*** Opening of DATA RECORDS ***

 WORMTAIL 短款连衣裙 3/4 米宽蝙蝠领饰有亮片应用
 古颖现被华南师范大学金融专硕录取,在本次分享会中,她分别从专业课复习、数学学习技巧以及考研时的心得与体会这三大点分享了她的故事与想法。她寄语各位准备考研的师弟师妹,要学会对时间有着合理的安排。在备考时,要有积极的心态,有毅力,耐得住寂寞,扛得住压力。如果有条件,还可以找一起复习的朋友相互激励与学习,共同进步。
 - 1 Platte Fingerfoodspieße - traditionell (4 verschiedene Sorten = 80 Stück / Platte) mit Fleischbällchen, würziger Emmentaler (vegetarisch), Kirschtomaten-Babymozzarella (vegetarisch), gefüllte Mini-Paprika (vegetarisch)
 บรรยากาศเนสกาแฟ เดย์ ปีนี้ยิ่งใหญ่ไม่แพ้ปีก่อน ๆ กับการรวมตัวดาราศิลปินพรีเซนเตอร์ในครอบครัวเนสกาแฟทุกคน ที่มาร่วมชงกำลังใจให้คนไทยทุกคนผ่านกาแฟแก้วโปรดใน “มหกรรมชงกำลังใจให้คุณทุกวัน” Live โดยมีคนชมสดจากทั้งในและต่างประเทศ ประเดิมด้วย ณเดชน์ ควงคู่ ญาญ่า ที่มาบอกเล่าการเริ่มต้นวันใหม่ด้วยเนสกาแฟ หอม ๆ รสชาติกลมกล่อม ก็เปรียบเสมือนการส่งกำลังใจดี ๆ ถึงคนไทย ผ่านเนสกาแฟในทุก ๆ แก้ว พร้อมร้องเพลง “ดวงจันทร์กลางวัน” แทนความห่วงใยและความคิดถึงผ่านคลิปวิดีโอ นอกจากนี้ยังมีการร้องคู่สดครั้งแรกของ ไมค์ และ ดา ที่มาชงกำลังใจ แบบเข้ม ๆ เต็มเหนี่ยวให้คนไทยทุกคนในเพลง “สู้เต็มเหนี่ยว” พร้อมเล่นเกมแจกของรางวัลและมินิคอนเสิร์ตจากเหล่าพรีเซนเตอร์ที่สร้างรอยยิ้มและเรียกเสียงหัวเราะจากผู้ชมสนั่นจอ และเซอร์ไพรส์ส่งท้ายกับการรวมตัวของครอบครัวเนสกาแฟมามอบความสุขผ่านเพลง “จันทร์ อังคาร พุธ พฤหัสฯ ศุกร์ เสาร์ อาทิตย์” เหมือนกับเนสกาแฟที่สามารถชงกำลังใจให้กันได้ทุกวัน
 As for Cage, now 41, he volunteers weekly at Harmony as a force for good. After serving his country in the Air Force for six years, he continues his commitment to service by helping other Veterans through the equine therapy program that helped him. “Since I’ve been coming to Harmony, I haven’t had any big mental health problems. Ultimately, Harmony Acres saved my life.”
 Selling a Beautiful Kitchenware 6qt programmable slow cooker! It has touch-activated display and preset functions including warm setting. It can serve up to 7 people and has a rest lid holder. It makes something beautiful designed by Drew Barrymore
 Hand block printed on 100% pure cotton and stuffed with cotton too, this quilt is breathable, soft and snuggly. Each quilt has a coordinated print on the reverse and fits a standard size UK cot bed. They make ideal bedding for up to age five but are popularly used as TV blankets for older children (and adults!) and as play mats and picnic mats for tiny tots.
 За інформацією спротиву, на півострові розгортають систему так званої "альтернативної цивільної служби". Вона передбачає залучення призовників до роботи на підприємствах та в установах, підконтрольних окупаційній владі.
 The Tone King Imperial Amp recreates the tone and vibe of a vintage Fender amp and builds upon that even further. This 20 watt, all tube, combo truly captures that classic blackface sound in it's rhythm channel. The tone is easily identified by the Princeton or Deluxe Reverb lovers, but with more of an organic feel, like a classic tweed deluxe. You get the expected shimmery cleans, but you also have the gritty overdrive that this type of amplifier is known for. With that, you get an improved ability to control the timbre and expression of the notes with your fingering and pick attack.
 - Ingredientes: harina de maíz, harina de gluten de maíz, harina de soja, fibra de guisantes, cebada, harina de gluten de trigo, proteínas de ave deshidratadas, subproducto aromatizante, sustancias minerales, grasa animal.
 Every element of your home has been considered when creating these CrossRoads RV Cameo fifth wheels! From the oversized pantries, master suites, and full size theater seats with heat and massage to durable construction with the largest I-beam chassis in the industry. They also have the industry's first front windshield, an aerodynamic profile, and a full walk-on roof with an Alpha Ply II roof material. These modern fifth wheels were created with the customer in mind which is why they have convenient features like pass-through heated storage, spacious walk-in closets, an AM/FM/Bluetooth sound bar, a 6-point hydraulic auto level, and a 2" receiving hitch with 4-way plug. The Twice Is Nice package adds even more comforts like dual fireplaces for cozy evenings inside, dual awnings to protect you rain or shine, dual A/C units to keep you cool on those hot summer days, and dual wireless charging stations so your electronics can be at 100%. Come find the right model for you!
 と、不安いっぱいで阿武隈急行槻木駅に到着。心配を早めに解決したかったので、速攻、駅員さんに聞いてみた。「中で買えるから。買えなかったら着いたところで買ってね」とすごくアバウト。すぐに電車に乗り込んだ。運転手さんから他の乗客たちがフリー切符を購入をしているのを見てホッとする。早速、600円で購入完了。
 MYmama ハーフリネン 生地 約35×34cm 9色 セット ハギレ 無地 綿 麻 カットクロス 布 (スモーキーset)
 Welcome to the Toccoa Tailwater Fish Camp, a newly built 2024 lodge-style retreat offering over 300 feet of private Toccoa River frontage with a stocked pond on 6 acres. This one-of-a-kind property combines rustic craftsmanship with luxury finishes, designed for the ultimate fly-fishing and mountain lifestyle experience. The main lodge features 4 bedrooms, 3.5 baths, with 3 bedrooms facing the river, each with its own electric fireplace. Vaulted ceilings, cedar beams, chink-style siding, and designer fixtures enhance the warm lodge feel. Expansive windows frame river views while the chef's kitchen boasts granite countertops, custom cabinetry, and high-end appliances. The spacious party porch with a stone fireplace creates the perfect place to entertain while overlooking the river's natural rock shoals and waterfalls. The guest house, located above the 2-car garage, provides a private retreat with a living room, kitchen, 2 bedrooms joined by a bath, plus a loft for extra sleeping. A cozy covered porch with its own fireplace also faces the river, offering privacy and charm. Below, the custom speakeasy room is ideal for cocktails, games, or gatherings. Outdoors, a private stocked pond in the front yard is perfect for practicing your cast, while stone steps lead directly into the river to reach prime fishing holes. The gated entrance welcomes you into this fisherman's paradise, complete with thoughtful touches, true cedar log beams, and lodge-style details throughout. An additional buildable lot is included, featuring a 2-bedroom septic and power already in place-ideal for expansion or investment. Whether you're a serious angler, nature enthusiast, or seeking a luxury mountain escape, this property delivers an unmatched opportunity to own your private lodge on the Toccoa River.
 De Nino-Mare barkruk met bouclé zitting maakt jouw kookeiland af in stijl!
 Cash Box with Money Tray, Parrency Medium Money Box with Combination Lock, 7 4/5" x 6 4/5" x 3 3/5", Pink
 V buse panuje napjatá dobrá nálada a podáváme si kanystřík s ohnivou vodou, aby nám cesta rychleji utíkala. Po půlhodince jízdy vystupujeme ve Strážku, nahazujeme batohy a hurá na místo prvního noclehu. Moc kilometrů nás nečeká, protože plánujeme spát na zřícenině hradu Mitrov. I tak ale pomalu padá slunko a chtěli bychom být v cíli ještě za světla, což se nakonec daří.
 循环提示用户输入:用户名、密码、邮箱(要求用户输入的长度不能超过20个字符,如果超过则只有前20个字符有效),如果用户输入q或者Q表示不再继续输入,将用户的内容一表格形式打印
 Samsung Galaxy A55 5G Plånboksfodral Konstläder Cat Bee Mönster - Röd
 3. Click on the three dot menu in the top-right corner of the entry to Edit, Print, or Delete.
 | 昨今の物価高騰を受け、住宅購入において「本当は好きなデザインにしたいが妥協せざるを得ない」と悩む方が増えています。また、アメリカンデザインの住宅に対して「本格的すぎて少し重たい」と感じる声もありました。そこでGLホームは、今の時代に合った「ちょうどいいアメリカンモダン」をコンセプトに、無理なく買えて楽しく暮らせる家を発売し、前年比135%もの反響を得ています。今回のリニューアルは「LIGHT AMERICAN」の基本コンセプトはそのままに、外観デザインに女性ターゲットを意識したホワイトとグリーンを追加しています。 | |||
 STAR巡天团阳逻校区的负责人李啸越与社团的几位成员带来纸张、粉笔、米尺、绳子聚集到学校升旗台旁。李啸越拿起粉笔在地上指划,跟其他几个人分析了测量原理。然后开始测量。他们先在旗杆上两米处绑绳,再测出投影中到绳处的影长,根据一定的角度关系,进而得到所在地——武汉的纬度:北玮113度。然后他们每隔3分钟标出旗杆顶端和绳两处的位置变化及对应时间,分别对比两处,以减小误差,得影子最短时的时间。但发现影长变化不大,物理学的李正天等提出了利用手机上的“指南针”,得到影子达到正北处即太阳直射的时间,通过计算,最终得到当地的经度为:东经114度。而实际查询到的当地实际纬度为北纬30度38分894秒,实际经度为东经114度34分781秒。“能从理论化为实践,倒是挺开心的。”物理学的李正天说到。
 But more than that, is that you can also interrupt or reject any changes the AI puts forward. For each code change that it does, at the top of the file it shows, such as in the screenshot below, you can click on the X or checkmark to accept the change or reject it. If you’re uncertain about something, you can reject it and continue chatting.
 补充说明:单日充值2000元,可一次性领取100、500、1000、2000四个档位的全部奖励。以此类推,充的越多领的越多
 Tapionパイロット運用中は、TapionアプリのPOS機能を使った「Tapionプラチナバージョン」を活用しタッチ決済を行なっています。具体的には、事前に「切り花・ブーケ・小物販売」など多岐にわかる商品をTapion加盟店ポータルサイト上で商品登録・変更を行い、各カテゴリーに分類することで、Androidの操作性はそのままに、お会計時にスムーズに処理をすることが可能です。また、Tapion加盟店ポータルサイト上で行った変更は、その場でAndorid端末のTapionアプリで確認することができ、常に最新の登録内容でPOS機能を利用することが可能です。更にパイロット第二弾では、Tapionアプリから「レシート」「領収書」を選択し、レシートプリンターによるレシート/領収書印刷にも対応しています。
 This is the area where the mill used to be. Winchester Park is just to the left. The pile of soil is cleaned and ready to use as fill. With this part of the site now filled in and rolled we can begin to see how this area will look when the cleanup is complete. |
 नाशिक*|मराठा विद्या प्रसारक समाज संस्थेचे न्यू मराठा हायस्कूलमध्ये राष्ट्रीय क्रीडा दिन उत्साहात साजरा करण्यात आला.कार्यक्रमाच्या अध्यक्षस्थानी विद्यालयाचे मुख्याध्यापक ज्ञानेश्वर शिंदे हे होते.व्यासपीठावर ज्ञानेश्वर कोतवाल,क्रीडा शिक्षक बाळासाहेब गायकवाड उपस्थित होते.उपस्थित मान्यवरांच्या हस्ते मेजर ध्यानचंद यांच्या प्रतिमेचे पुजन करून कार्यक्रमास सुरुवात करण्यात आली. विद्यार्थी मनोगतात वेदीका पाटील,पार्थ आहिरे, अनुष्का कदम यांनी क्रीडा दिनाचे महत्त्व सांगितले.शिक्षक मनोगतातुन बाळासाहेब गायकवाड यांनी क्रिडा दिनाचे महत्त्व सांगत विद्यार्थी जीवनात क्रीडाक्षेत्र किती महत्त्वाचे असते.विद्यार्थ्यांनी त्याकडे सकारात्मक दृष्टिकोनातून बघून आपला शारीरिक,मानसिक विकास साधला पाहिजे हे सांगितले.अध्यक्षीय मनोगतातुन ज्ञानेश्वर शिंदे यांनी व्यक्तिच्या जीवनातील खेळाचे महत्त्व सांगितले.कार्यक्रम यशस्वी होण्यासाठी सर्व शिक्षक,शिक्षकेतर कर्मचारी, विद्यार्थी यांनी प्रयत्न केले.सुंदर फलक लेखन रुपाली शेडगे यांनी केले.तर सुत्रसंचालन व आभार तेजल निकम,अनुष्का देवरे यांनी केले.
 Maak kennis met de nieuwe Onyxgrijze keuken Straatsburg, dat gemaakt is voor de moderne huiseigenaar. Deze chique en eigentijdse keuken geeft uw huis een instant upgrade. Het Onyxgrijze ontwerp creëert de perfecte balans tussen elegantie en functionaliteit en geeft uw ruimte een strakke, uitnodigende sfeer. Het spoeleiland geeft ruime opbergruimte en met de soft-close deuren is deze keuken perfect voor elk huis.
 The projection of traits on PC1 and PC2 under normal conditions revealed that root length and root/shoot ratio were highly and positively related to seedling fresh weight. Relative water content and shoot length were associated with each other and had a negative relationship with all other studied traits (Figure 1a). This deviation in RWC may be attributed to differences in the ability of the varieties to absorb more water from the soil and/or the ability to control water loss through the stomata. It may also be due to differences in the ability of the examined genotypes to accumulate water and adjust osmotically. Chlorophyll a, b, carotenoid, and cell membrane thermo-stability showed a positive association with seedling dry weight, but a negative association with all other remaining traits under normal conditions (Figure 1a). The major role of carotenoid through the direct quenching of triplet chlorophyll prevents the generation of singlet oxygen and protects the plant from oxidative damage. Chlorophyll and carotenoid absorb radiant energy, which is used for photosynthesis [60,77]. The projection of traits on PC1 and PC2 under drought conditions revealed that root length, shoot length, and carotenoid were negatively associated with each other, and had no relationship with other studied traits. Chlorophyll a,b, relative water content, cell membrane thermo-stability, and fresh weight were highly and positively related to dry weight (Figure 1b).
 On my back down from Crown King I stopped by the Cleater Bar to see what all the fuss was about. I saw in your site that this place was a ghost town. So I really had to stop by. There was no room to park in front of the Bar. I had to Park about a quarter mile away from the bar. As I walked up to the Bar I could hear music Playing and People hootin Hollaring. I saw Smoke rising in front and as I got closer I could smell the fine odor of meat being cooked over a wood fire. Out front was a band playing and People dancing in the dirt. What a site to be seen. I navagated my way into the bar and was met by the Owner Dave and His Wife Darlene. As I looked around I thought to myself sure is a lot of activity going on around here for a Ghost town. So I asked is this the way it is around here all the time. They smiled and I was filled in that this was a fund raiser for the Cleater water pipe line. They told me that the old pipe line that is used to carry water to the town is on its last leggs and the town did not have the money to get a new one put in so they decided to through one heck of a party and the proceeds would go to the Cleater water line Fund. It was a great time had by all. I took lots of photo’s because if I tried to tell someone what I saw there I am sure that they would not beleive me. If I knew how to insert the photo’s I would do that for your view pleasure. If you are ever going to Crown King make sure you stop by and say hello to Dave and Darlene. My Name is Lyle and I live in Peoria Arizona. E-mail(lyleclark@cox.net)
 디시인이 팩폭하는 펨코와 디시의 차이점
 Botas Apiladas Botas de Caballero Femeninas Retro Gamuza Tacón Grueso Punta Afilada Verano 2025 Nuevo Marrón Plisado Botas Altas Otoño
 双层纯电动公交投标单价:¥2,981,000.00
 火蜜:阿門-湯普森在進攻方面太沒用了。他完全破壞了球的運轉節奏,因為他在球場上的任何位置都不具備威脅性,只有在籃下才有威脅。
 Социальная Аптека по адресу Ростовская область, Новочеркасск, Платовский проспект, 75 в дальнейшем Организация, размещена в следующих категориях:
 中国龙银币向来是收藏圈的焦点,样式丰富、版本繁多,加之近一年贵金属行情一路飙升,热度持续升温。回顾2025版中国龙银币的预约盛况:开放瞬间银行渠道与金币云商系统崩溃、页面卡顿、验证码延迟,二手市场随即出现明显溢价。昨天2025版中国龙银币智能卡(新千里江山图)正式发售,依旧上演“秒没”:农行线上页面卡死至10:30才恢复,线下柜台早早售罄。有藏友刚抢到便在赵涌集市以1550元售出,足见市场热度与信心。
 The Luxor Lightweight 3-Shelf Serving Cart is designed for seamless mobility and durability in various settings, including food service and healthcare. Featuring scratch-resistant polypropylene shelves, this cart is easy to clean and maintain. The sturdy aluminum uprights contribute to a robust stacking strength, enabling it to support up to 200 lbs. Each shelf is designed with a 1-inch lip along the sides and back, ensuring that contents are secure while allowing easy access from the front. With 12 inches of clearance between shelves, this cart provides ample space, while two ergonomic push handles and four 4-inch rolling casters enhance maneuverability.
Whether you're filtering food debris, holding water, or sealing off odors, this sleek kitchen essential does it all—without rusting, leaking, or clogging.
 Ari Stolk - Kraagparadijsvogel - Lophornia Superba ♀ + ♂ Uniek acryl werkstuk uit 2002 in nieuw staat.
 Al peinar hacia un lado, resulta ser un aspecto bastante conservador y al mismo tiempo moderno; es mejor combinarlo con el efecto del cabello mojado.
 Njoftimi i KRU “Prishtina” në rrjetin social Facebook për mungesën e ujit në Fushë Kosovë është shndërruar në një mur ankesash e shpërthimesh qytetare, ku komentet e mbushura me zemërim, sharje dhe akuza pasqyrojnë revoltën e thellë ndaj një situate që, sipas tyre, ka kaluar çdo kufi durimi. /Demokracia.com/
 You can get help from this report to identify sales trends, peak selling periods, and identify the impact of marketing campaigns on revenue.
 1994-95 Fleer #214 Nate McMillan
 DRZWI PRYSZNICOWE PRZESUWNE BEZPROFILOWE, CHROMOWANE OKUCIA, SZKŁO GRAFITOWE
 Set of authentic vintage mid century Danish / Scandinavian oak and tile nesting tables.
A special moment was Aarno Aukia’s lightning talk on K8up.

*** Close of DATA RECORDS ***

There is a line with "За інформацією спротиву, на" and a line with "- Ingredientes: harina" above. Copy exactly those two lines and all lines between them, with nothing else.

 За інформацією спротиву, на півострові розгортають систему так званої "альтернативної цивільної служби". Вона передбачає залучення призовників до роботи на підприємствах та в установах, підконтрольних окупаційній владі.
 The Tone King Imperial Amp recreates the tone and vibe of a vintage Fender amp and builds upon that even further. This 20 watt, all tube, combo truly captures that classic blackface sound in it's rhythm channel. The tone is easily identified by the Princeton or Deluxe Reverb lovers, but with more of an organic feel, like a classic tweed deluxe. You get the expected shimmery cleans, but you also have the gritty overdrive that this type of amplifier is known for. With that, you get an improved ability to control the timbre and expression of the notes with your fingering and pick attack.
 - Ingredientes: harina de maíz, harina de gluten de maíz, harina de soja, fibra de guisantes, cebada, harina de gluten de trigo, proteínas de ave deshidratadas, subproducto aromatizante, sustancias minerales, grasa animal.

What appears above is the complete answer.